From islands to continent

In May 2007, Facebook announced open api to the developer community, the event triggered the subsequent open api race: Myspace, Ning, Meebo, Zillow, LinkedIn ... everyone suddenly claims to be an open web platform.

In my opinion, this web revolution is driven by the way we want to live in the web. The current Internet landscape is basically formed by islands interconnected by ferries (hyperlinks). Some islands have very dense populations but still isolate from other islands. The objective of the site is to turn you into an islander (user acquisition), make you settled down there (user registration), and stay as long as possible (user retention), and hope you enjoy your information hunting in your lonely islander life (user demand fulfillment).

The web landscape start to morph into continent from social aspects. In social networks, you constantly interact within your social groups. Islander life becomes quite stone-aged as you maintain friends at Facebook, expand your professional network at LinkedIn, share hobby photos at Flickr, all in three isolated social groups even there is quite valuable overlap in your physical acquaintance. For your social life, you want to live in mega-cities at connected, merged, blended continents. Your identity will surpass the site identity. Your social interactions will go beyond the site boundary. Your continental social experience is the center of the universe, not the site.

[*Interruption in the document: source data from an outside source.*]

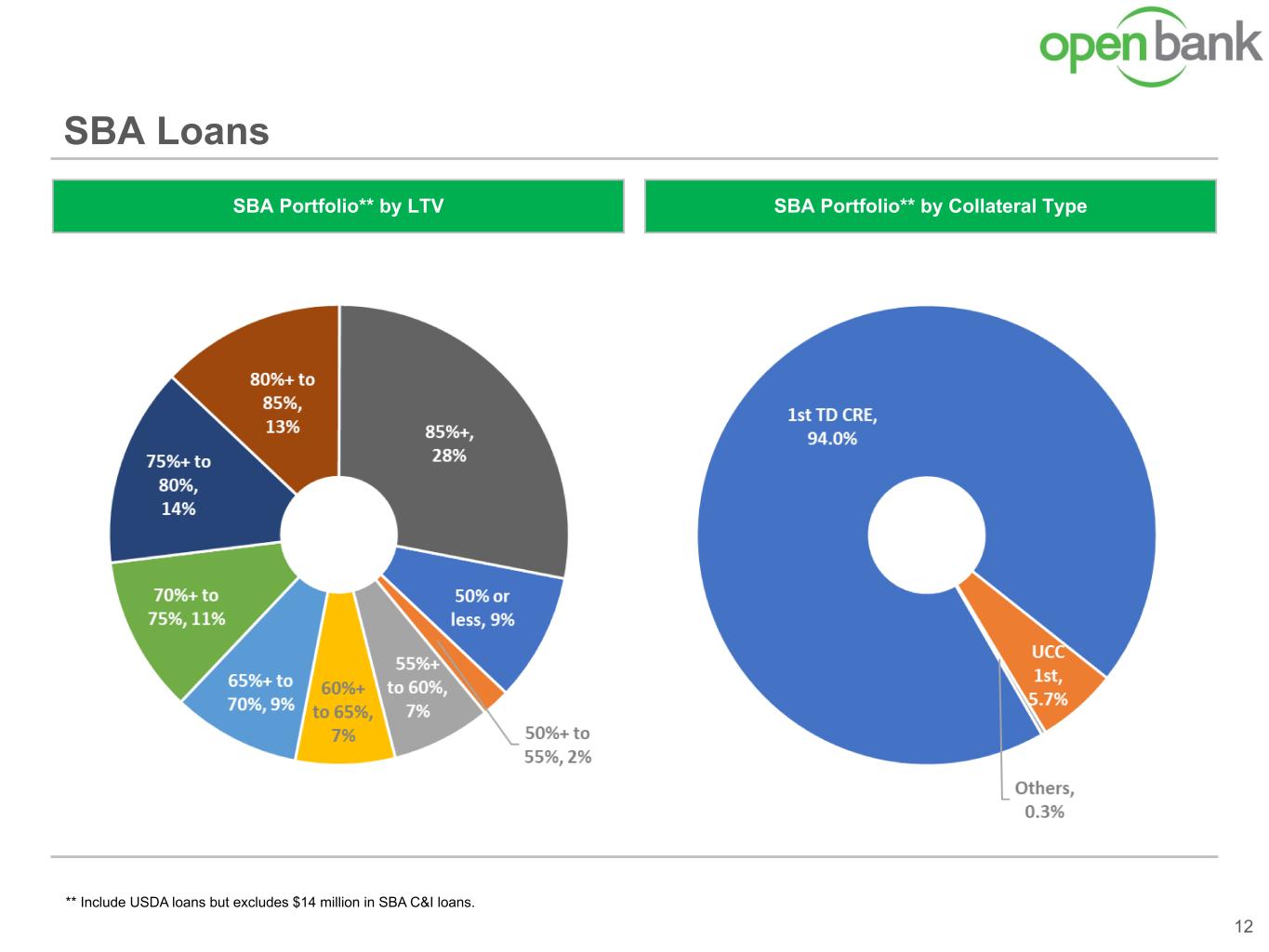 ** Include USDA loans but excludes $14 million in SBA C&I loans. SBA Loans 12 SBA Portfolio** by Collateral TypeSBA Portfolio** by LTV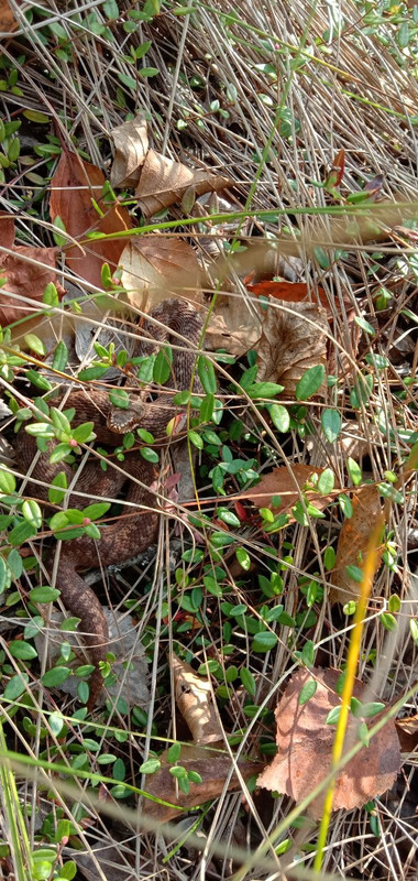 У нас в лесу Кивикко по весне гадюк много. В том числе и таких маленьких. Они там в скалах зимуют, а с наступлением весны расползаются и греются на тропинках. Одна такая маленькая уже с характером была - делала выпады, так что её пришлось обогнуть по широкой дуге) Причём тоже коричневая была. На них в бинокль хорошо издалека смотреть - у них очень красивые, рубиновые глаза.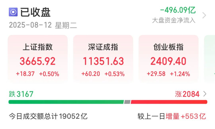 沪深京三市成交额19052亿元,较上日放量553亿元。全市场超2000只个股上涨。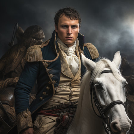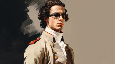 a portrait of a man in military uniform, depicted in a digital painting and drawing style. the artwork showcases a baroque influence with iconic american elements. the color palette consists of dark white and light orange tones, adding a classicist touch. the image has a low resolution, featuring youthful protagonists. ai generated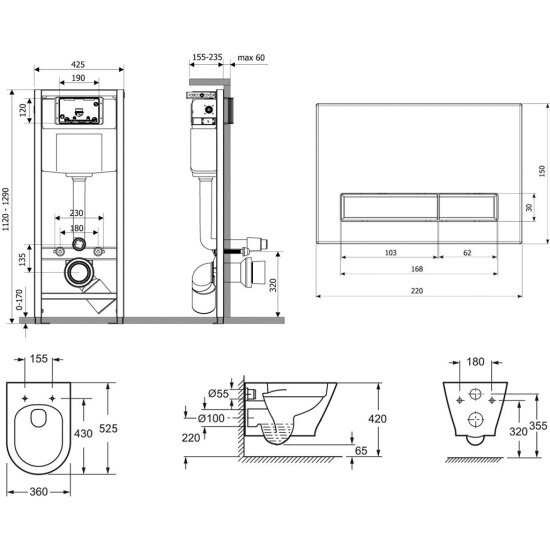 Комплект 6 в 1 Lavinia Boho Elegant Rimless 87561078, безободковый унитаз, сиденье микролифт, инсталляция, клавиша смыва, шумоизоляция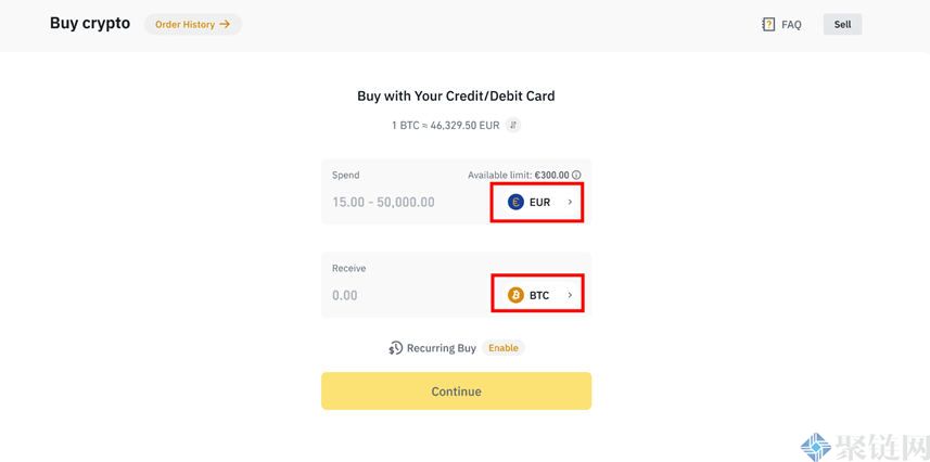 3、选择您要使用的法定货币和您要购买的加密货币。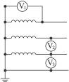2、选择题 三相电源的连接如图4-1-10所示,电路中的三个交流电压表的示数U1、U2、U3间的关系是(?)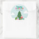Happy Holidays Tree with Gifts in Aqua Blue Classic Round Sticker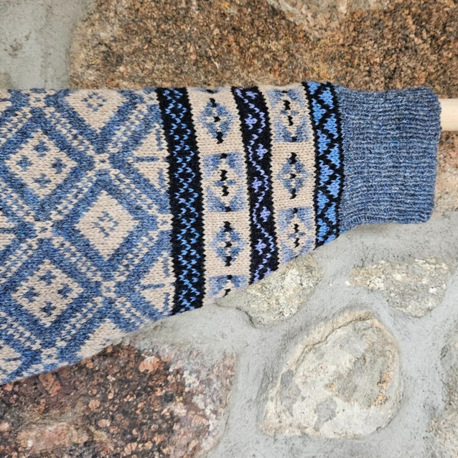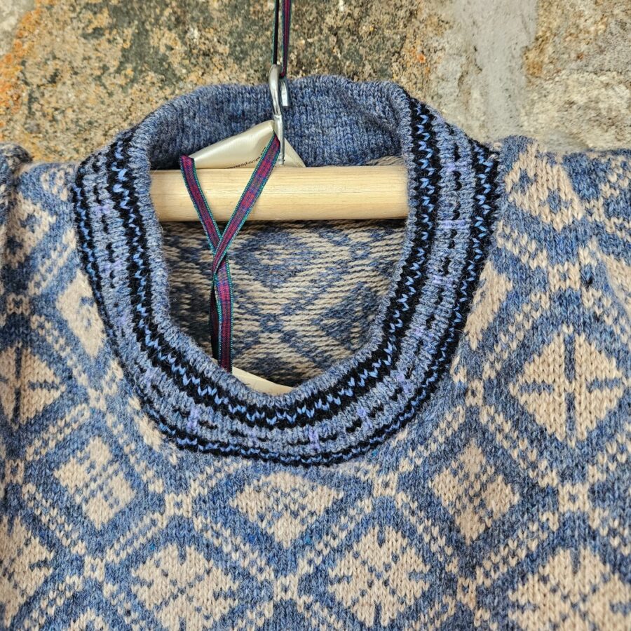 Wool is very breathable, which means less frequent washing. However, when it does need to be washed, it should be hand washed in tepid water, given a quick spin or rolled in a towel to remove excess water, and dried flat. It can be pressed with a damp cloth and gently reshaped, if necessary. Given this wee bit of care, you will be able to enjoy wearing your Whinnyfold Knitwear clothing for years to come. Colourway: Clipper/Oatmilk. The main colour is a mid-blue with a natural beige contrast. The border has beige and shades of blue. This design can also be knitted up as a longer length 72cm (please specify LONG on the order)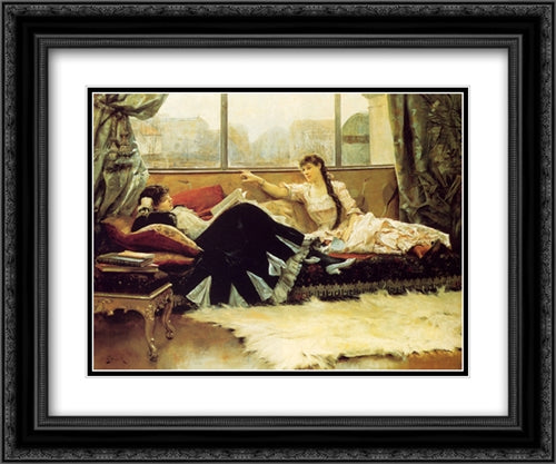 Reading Aloud 24x20 Black Ornate Wood Framed Art Print Poster with Double Matting by Stewart, Julius LeBlanc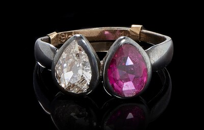 Ring "you and me" set with a ruby (about 0.6 ct) and a diamond (about 0.6 ct), each size old pear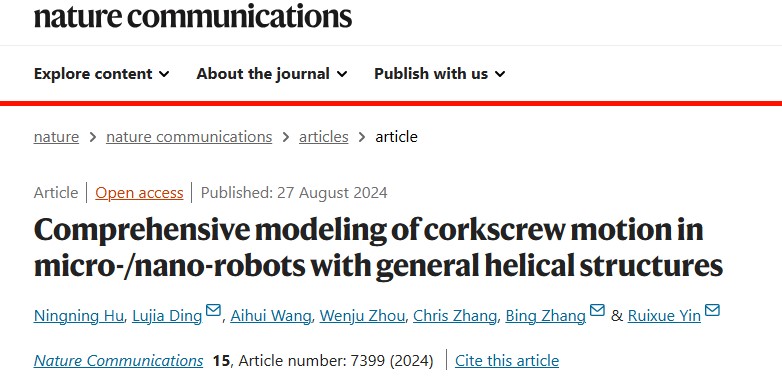 近日,我校365英国上市公司官网殷瑞雪等在《Nature Communications》上发表了题为“Comprehensive modeling of corkscrew motion in micro-/nano-robots with general helical structures”的研究论文,提出一种无结构限制的通用微纳机器人(MNRs)动力学模型,有助于在临床环境中通过定制个体患者来规划MNRs的导航,也有助于了解血液在与MNRs相互作用时的行为,例如血管堵塞等,从而预防MNRs靶向治疗中引起的并发症。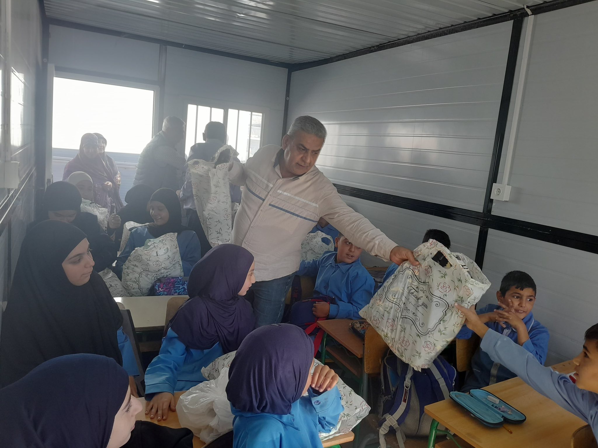 Passing out supplies to the children inside prefabricated classrooms. Photo courtesy of the Mais al-Jabal municipality.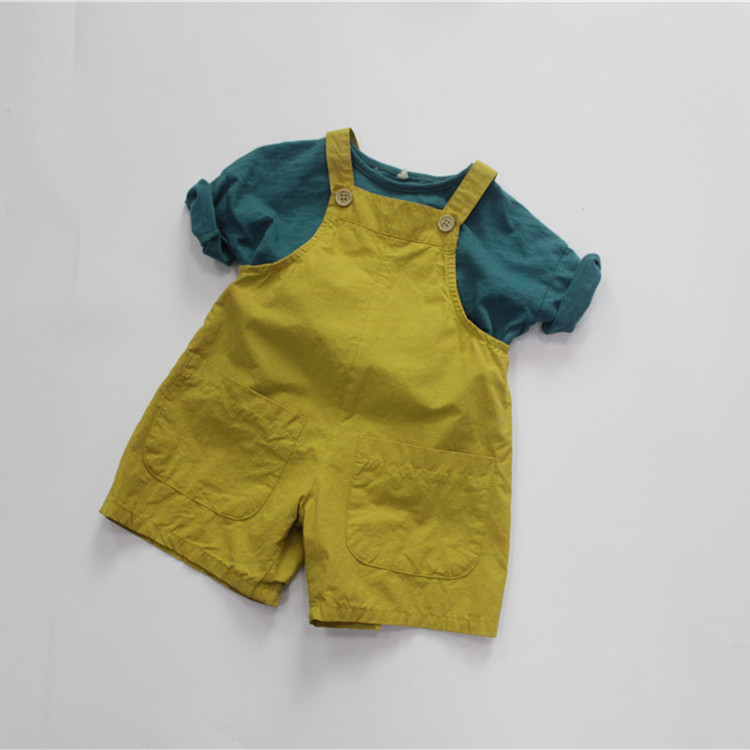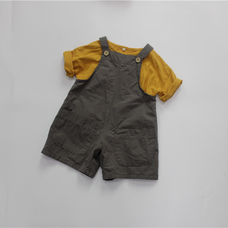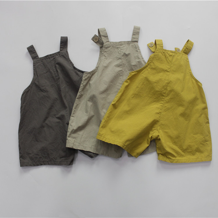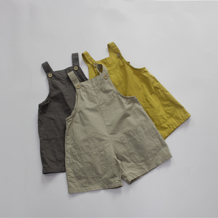 여름 아동용 멜빵바지 한국 스타일 남아용 반바지 루즈핏 민소매 원피스 외출복 여아용 바지 A급 단색스토어 가기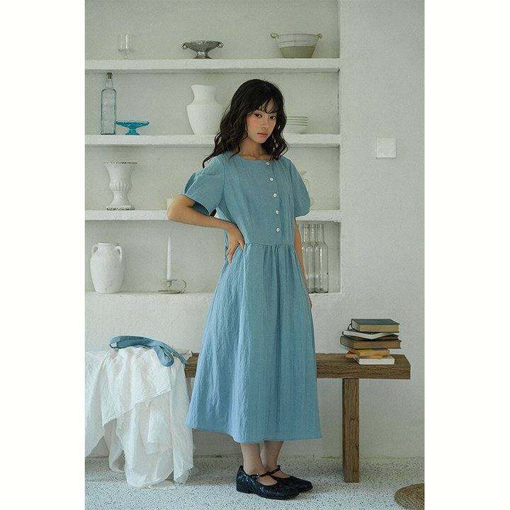 25夏季莱赛尔斜领收腰A字肌理感连衣裙通勤长裙设计感裙子显瘦

Technically, the continent construction is addressed by social app interoperability with the effort of opening up each platform. A social app mashup layer above individual platforms will deliver boundless social experience. Alternatively, recent Google's OpenSocial initiative attempts to construct bridges to interconnect the islands. Exciting technology. Regarding the practical execution, you can sense the challenge given the island analogy.